Requirement:
Reproduced exactly, the lines from the start of the material through the line containing "Après la saison" should be the whole answer, with pictures excluded.

Given data:
════
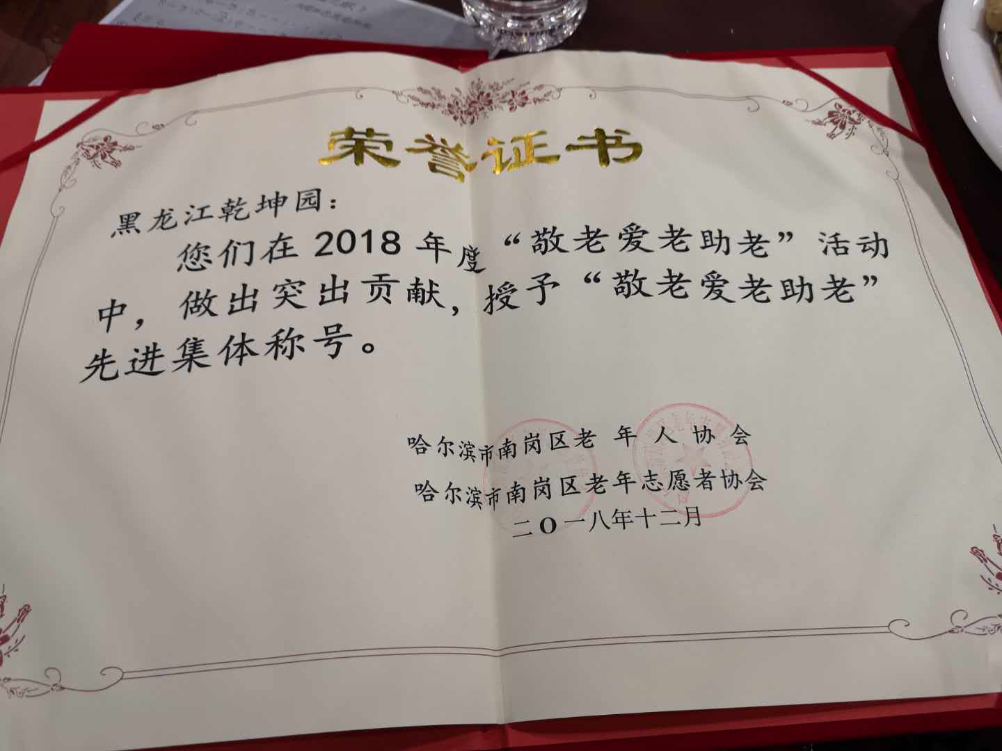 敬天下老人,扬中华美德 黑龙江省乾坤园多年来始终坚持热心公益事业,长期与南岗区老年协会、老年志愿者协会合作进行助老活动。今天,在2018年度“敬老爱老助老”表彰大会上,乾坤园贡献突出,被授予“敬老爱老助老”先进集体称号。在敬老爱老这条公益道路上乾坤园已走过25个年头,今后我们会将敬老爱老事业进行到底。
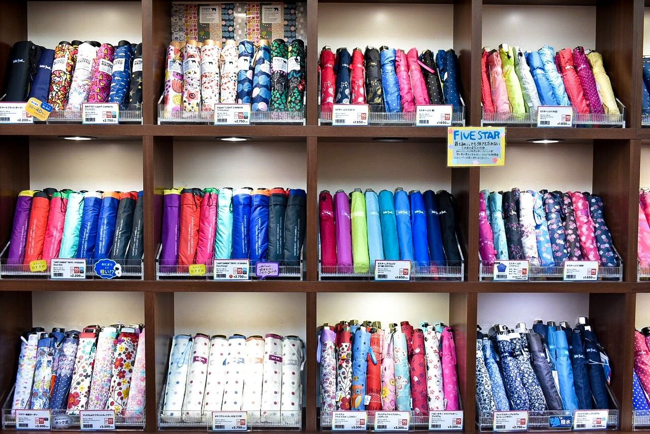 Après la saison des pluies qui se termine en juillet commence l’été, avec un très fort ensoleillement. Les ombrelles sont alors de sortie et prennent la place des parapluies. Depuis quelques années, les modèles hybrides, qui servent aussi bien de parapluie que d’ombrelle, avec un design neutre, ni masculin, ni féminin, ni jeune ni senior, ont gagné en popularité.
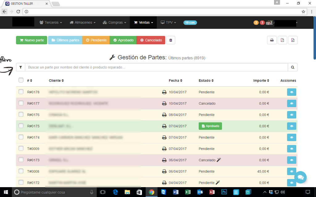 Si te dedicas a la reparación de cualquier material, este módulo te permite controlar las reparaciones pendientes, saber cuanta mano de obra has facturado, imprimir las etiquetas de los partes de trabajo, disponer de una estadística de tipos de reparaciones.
════
Result for this task:
 敬天下老人,扬中华美德 黑龙江省乾坤园多年来始终坚持热心公益事业,长期与南岗区老年协会、老年志愿者协会合作进行助老活动。今天,在2018年度“敬老爱老助老”表彰大会上,乾坤园贡献突出,被授予“敬老爱老助老”先进集体称号。在敬老爱老这条公益道路上乾坤园已走过25个年头,今后我们会将敬老爱老事业进行到底。
 Après la saison des pluies qui se termine en juillet commence l’été, avec un très fort ensoleillement. Les ombrelles sont alors de sortie et prennent la place des parapluies. Depuis quelques années, les modèles hybrides, qui servent aussi bien de parapluie que d’ombrelle, avec un design neutre, ni masculin, ni féminin, ni jeune ni senior, ont gagné en popularité.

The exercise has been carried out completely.